The film hops between locations on the most spurious of narrative links – places visited include betting shops, a gym, a dance hall, a number of restaurants and clubs, a sex worker's flat, and a casino populated by gangsters – and in a manner that should bring a smile to the lips of anyone familiar with the aforementioned John Cleese parody. Elsewhere, though, there is real wit on display, with a health club warmly introduced as a place where "women are subjected to machines and operations that would have delighted the Marquis De Sade," while the illegality of a sex worker's soliciting is given an amusingly innocent air with the suggestion that she's spotted and old friend and is simply waving hello.
Revealing it may be, but a straight documentary it certainly is not, with the number of scenes clearly staged for the camera creating an air of artificiality that's actually rather quaint, from the German tourist who makes use of the services offered by a local sex worker to the nudie film-making beatniks and the lonely patrons of the unlicensed clubs that so annoy our humble narrator. Other elements appear to be for real, including a number of stage performances and the fast-talking comic who opens the film, and in this respect London in the Raw functions as a useful record of the varied club and pub entertainment of the day. Whether you actually enjoy it will depend on your musical tastes and your tolerance of the likes of "Tommy Pudding, King of the Cockneys."
Being a little too young to have really been aware of London in the Raw on its original and, I would imagine from the included nudity, club-based release, the BFI's restoration and DVD release of the film represents something of an eye-opener, though I am old enough to experience the odd whiff of nostalgia for some of the aspects of the city that are showcased here and that have since disappeared. Breezily paced and varied in its coverage, it's very much a film of its time, its unintentional humour and occasionally archaic opinions now the victim of changing attitudes, particularly regarding gender. But as social history it's a worthwhile and intriguing record of a London that's likely to feel as alien to a younger modern audience as Tokyo or Istanbul.
I've not seen the simultaneous Blu-ray release of the film as yet, but I genuinely wonder how much better it's going to look than this DVD. The picture quality here is genuinely stunning, a superb transfer of a lovely restoration whose sharpness, colour and contrast are reference quality. Upscaling it on a PS3 to a 42 inch plasma I was so struck by the image quality that I ejected the disc to make sure I'd been sent the DVD rather than the Blu-ray. Really, it's that good.
UPDATE: Having now seen the Blu-ray edition of the film I'm able to make direct comparisons, and in some ways the high def version is not quite as striking as the DVD, in the main because while the high-def transfer lives up to expectations, the DVD exceeds them. There's no doubt that the detail is even crisper on the Blu-ray, though, particularly visible in the texture of clothing and faces. This is not always a good thing, mind you – the above-mentions heair transplant scene is even more horrible when you can watch it in such stomach-churning sharpness. The film grain is also more clearly defined on the Blu-ray disc. All of the elements that made the DVD such a visual treat also go for the transfer here, as you'd expect.

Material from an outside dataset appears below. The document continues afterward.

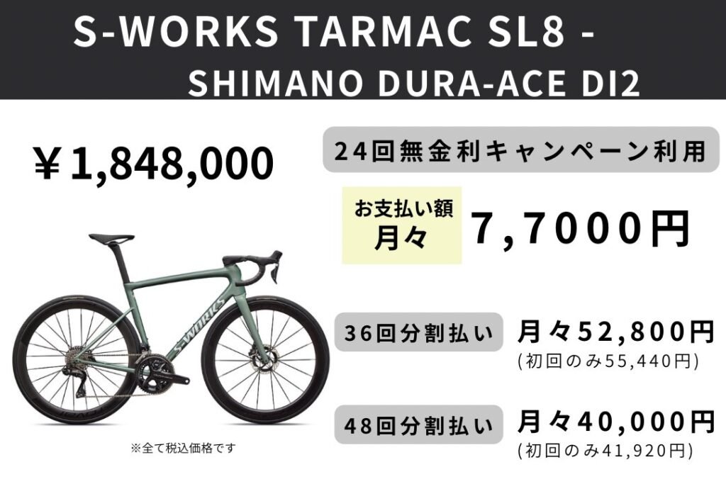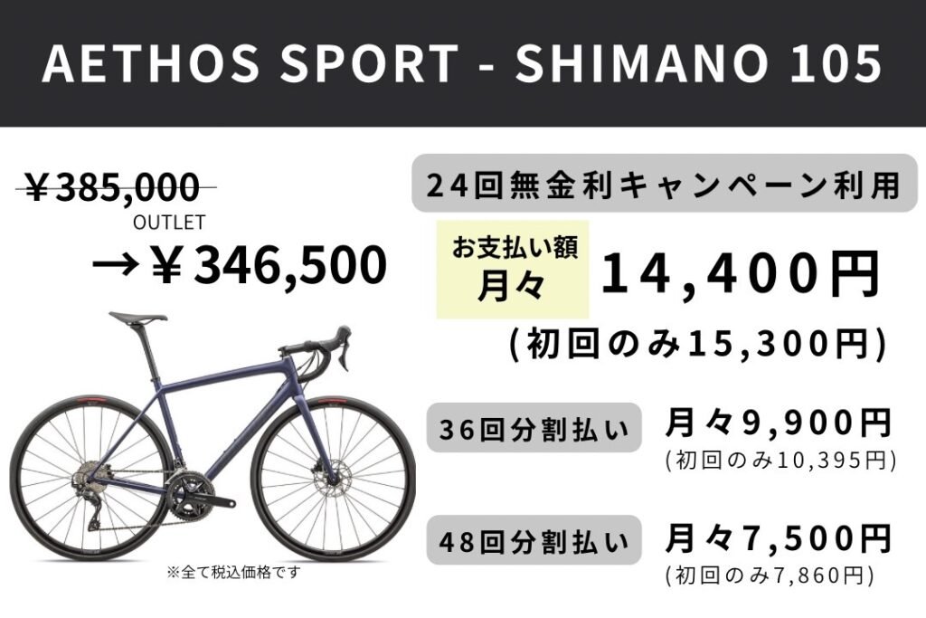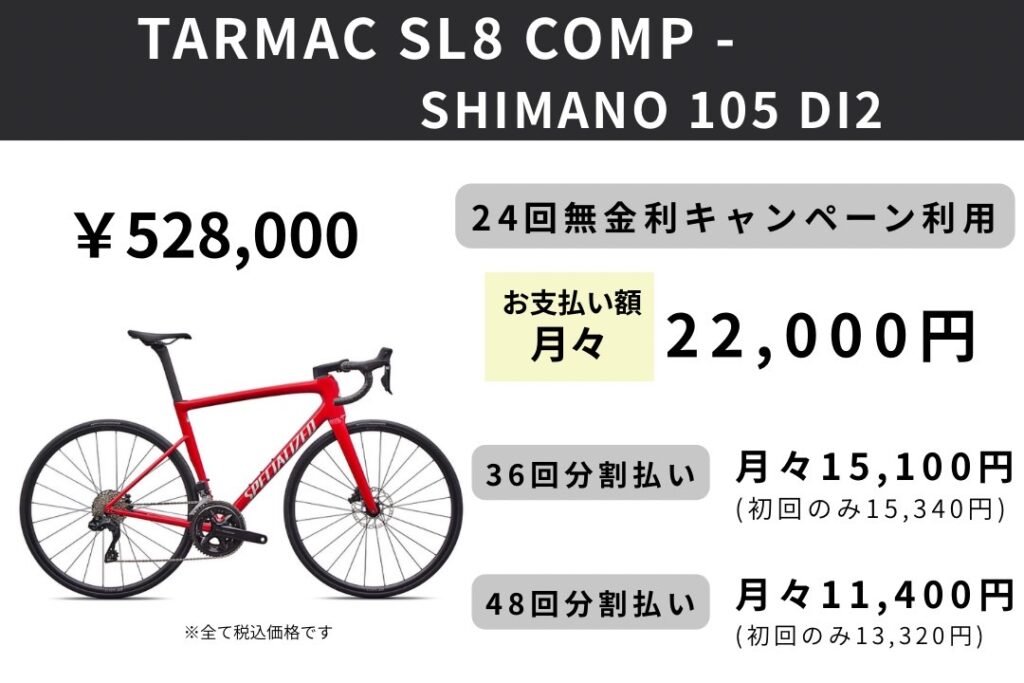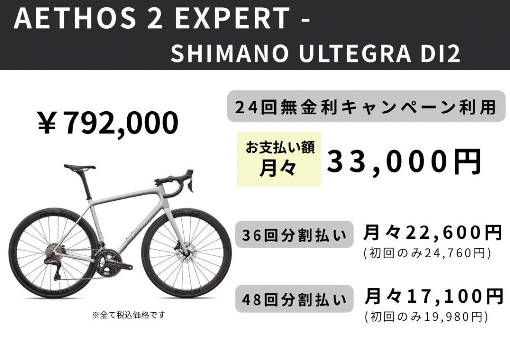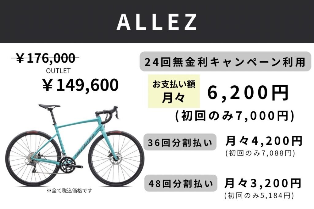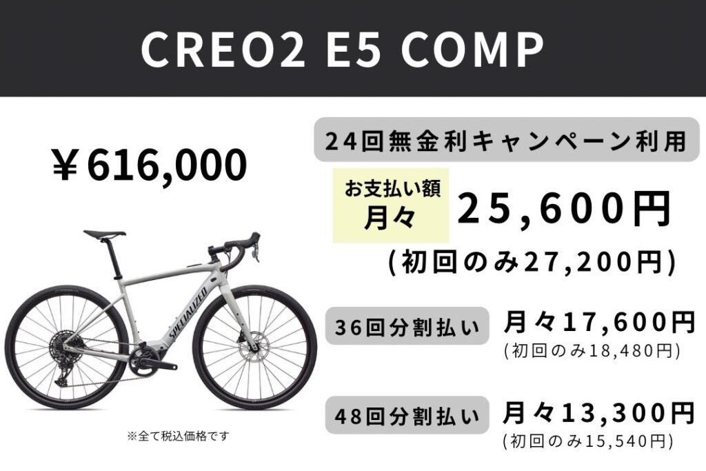 スペシャライズドは、2026年2月27日(金)から5月15日(金)までの期間限定で、24回払いまでは金利手数料無料、36回&48回払いは金利手数料の一部をスペシャライズドが負担するキャンペーンを開催いたします。対象のお支払いでショッピングクレジット(ジャックス)をお選びいただくと、分割払いの金利手数料が24回まで無料となります。

The mono soundtrack is clear enough, although the voice-over displays some slight distortion. Given the care taken with the restoration, I'm guessing this is how it always sounded. The soundtrack on the Blu-ray disc is identical.
Typically for a BFI disc, the optional English subtitles for the deaf and hearing impaired are excellent and cover all of the extras. A particular favourite appears in a dance club when we are informed that there is "Groovy music playing." Far out.

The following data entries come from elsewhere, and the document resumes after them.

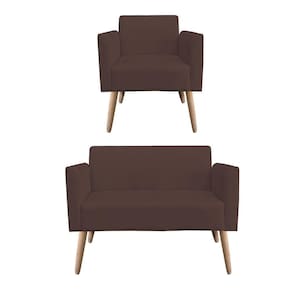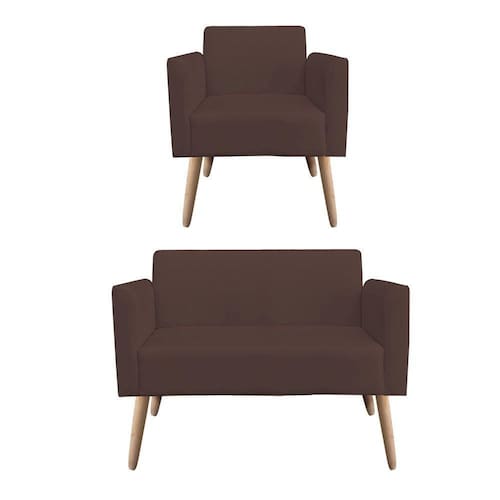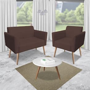 Kit 01 Namoradeira e 01 Poltrona Marisa Suede Marrom Pés Palito Natural D'Rossi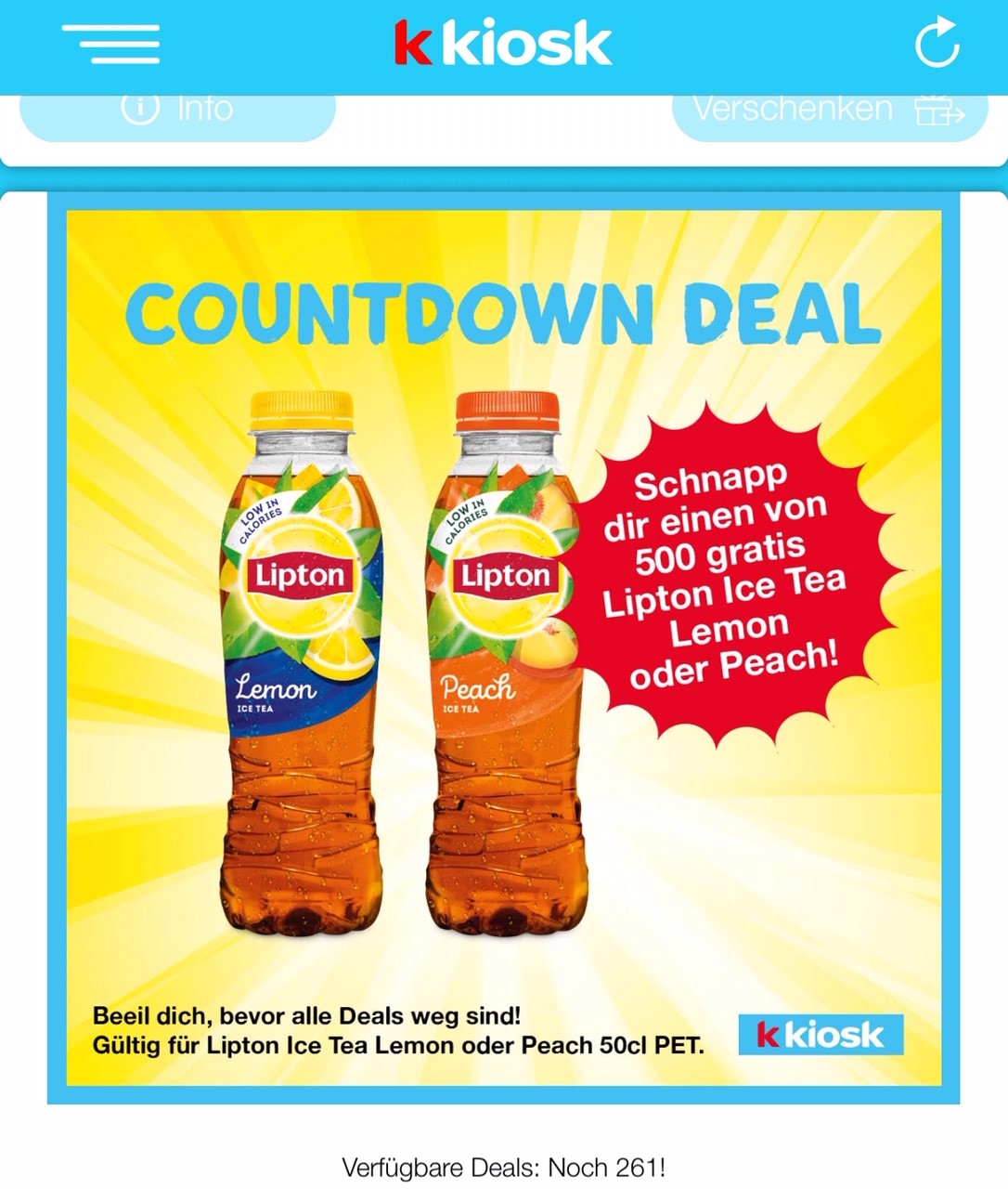 Es gilt schnell zu sein, über die kkiosk App gibt es gerade 500 Lipton Ice Tea gratis.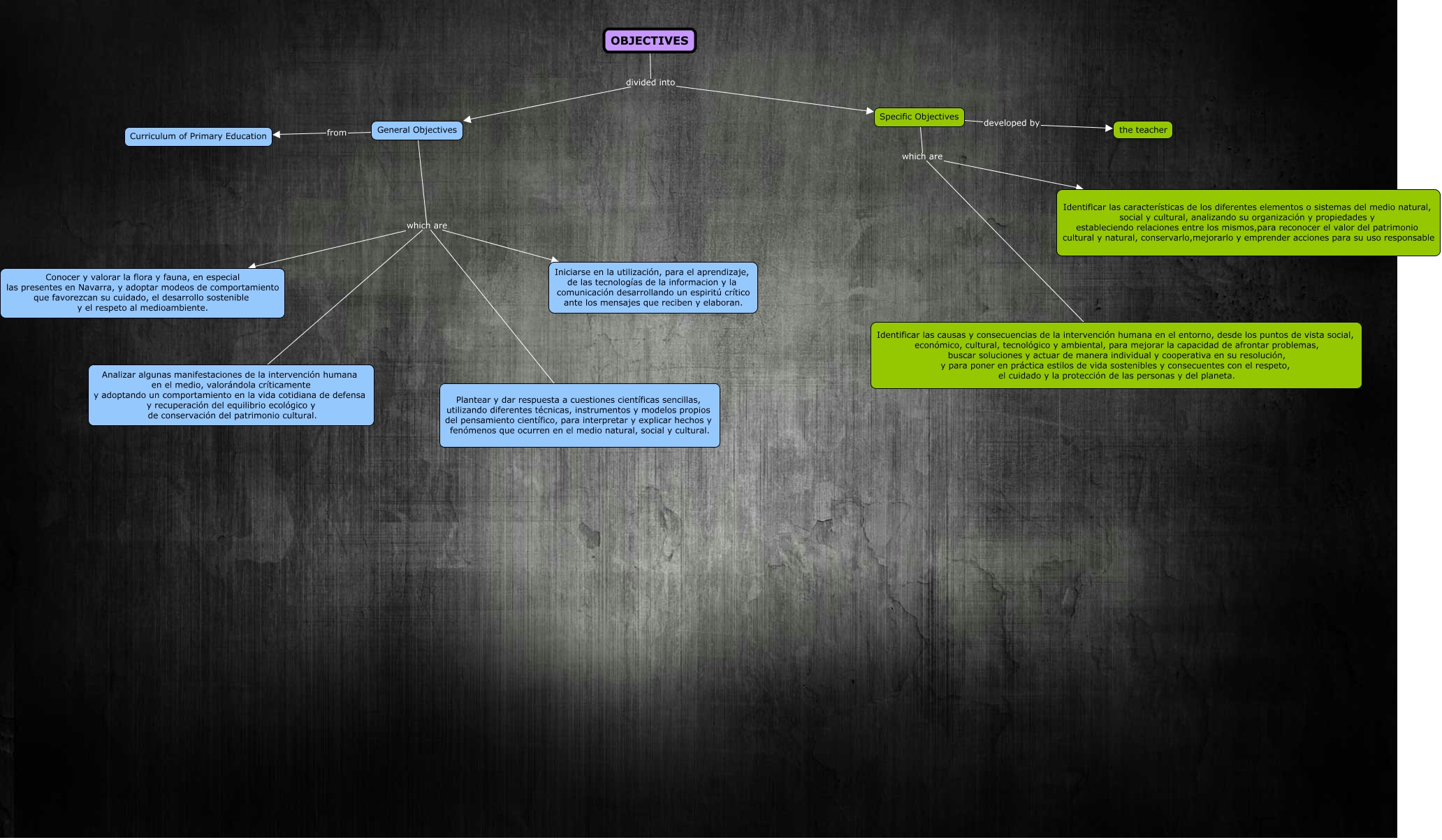 Este Cmap, tiene información relacionada con: Objectives, General Objectives which are Analizar algunas manifestaciones de la intervención humana en el medio, valorándola críticamente y adoptando un comportamiento en la vida cotidiana de defensa y recuperación del equilibrio ecológico y de conservación del patrimonio cultural., General Objectives which are Iniciarse en la utilización, para el aprendizaje, de las tecnologías de la informacion y la comunicación desarrollando un espiritú crítico ante los mensajes que reciben y elaboran., OBJECTIVES divided into Specific Objectives, General Objectives which are Conocer y valorar la flora y fauna, en especial las presentes en Navarra, y adoptar modeos de comportamiento que favorezcan su cuidado, el desarrollo sostenible y el respeto al medioambiente., Specific Objectives which are Identificar las características de los diferentes elementos o sistemas del medio natural, social y cultural, analizando su organización y propiedades y estableciendo relaciones entre los mismos,para reconocer el valor del patrimonio cultural y natural, conservarlo,mejorarlo y emprender acciones para su uso responsable, General Objectives which are Plantear y dar respuesta a cuestiones científicas sencillas, utilizando diferentes técnicas, instrumentos y modelos propios del pensamiento científico, para interpretar y explicar hechos y fenómenos que ocurren en el medio natural, social y cultural., General Objectives from Curriculum of Primary Education, Specific Objectives which are Identificar las causas y consecuencias de la intervención humana en el entorno, desde los puntos de vista social, económico, cultural, tecnológico y ambiental, para mejorar la capacidad de afrontar problemas, buscar soluciones y actuar de manera individual y cooperativa en su resolución, y para poner en práctica estilos de vida sostenibles y consecuentes con el respeto, el cuidado y la protección de las personas y del planeta., Specific Objectives developed by the teacher, OBJECTIVES divided into General Objectives

London in the Raw: Alternative Cut (44:59)
A shorter version of the film whose reason for existence remains something of a mystery, even to the BFI National Archive. The chronology of the original cut appears to have been retained but with some scenes shortened – the health club sequence has been shorn of its second half, for instance – and others lost in their entirety. Musical performances are a key casualty here, although many will doubtless be relieved to know that the hair transplant operation has also been given the heave-ho. More surprising is that there is also footage here not in the longer cut, including a bit more of the German tourist and the sex worker, and a new sequence in which a half-naked woman strikes a series of poses for a motionless audience.
Pub (1962) (15:15)
The first of three short documentary works from the period included here, each directed or co-directed by Peter Davis, that take a look at specific aspects of London life. Pub, a solo effort on Davis's part, is an observational piece that records life and activity in The Approach Tavern in Bethnal Green, devoid of interviews and with a soundtrack that although likely recorded in the same location is not synchronised to the picture. An intriguing record of a place and time whose loose structure comfortably sustains the short running time. It's in less sparkling shape than the feature and is preceded by a textual warning of the damage.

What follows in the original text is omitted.